Есть проводник со мной. Я научился
И направлять и размерять себя.
Ко мне вернулись время и пространство.
Я шел к тебе. Шел бесконечно к свету.
Жизнь получила плоть, надежда — одеянье.
В снах заструились образы, и ночь
Доверчиво глядит в глаза рассвета,
Лучами рук твоих раздвинут мой туман.
Уста твои влажны от утренней росы.
Взамен усталости пришел слепящий отдых.
Как в ранней юности, я восхищен любовью.
Возделаны поля. Освещены заводы.
Посеяно зерно в земной открытой зыби.
У хлеба и вина есть сотни очевидцев.
Ничто не просто и не странно.
В глазах ночных небес волнуются моря.
Свои деревья защищает лес.
И стены всех домов соприкоснулись.
И все пути скрещаются всегда.
И люди сделаны, чтоб понимать друг друга,
Чтобы любить и узнавать.
Их дети станут некогда отцами.
У их детей нет ни кола и ни двора.
Но дети заново изобретут людей,
Природу и свою отчизну,
Единую для всех людей,
Единую для всех времен.
ЖАКУ ДЮКЛО
Большие господа, укрывшись в пасти зверя,
   Весну отпраздновали вновь.
Война и нищета средь бела дня гуляют,
   Яд отравляет нашу кровь.
Бал Двухнедельных Роз в Ночном Очарованье,
   Гримасы масок и тоска.
А на земле весна цветущая ярка
   И зреют наши упованья.
А для господ весна — свой брат, самоубийца,
   Верней, убийца всех других.
Настало время для насильников лихих,
   Изнеможенье, догниванье…
Чтоб оторвать людей от их самосознанья,
   Настало время для темниц,
Для избиенья всех ни в чем не виноватых,
   Для их бессудного изгнанья.
Большие господа так устремились к войнам,
   Так обезумели от страха,
Что каждый человек становится достойным
   Быть горстью пепла, горстью праха.
А горе между тем в отважном ликованье
   Рождает юных сыновей.
Ничто их не страшит, ни господа, ни гибель.

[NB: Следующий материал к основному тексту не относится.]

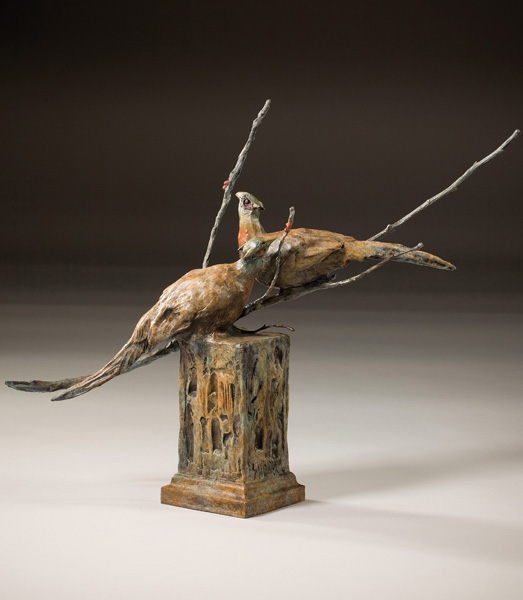 “The themes or ideas expressed in my work present themselves out of the nature of an animal. In this particular sculpture, I took advantage of the Peacock’s ability to evoke visual information through a display of plumage in pursuing a mate or warding off a potential rival.”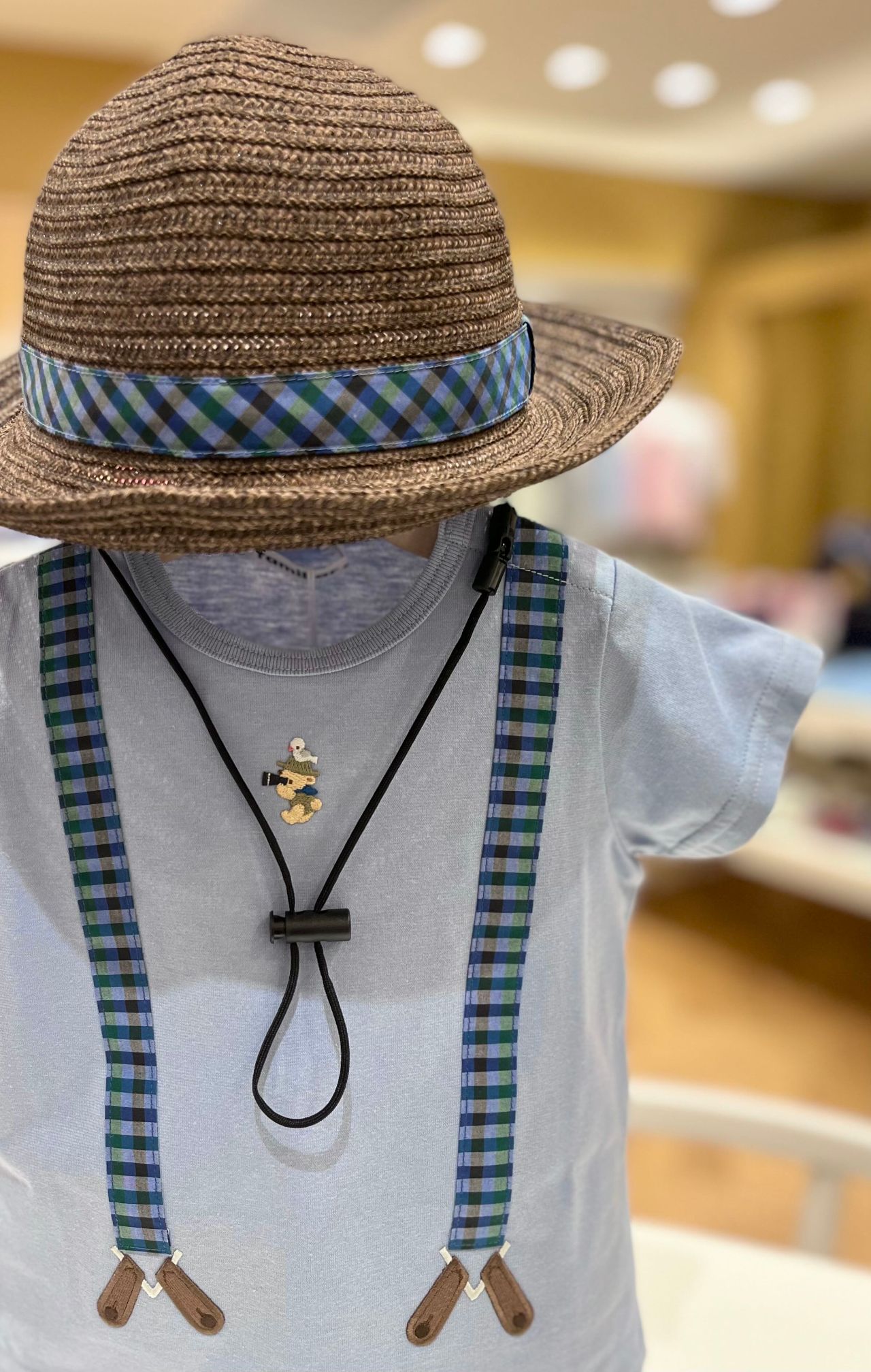 帽子とTシャツのチェックがお揃いになっていますよ!

   Они верны стране своей.
Им ясно, что Вьетнам, Корея и Тунис,
   Подобно им, встают на битву.
Для них живой пример товарищ Белояннис.
   Они для счастья родились.
Как согласиться жить без веры, без надежд,
   Не видя и не понимая,
Чтоб мертвечина, ложь и грязь глухонемая
   Тащили их куда-то вниз!..
Сквозь пестрый занавес, в движенье бесконечном
   Видна дорога им прямая.
Сомненья нет у них, сомненья нет у нас
   В победе завтрашнего утра.
Весна сражается! Полмира ярким светом
   Мир подарило остальной.
Мы дышим вечностью на пажити земной,
   Мы лета ждем вслед за весной,
Уже обласканы глубоким жарким летом.
11 июня 1952

ВСЕ СКАЗАТЬ
Все — это все сказать. И мне не хватит слов,
Не хватит времени и дерзости не хватит.
Я брежу, наугад перебирая память.
Я нищ и неучен, чтоб ясно говорить.
Все рассказать — скалу, дорогу, мостовую,
Прохожих, улицу, поля и пастухов,
Зеленый пух весны и ржавчину зимы,
И холод и жару, их совокупный труд.
Я покажу толпу и в каждом первом встречном
Его отчаянье, его одушевленье,
И в каждом возрасте мужского поколенья
Его надежду, кровь, историю и горе.
Я покажу толпу в раздоре исполинском,
Всю разгороженную, как могилы кладбищ,
Но ставшую сильней своей нечистой тени,
Разбившую тюрьму, свалившую господ,
Семью рабочих рук, семью листвы зеленой,
Безликого скота, бредущего к скоту,
И реку и росу в их плодотворной силе,
И правду начеку, и счастие в цвету.
Смогу ли я судить о счастии ребенка
По кукле, мячику и солнышку над ним?
Посмею ли сказать о счастии мужчины,
Узнав его жену и крохотных детей?
Смогу ли объяснить любовь, ее причины,
Трагедию свинца, комедию соломы,
Сквозь машинальный ход ее вседневных дел,
Сквозь вечный жар ее неугасимых ласк?
Смогу ли я связать в единство эту жатву
И жирный чернозем — добро и красоту,
И приравнять нужду к желаниям моим,
Сцепленье шестерен — к тому, чем я томим.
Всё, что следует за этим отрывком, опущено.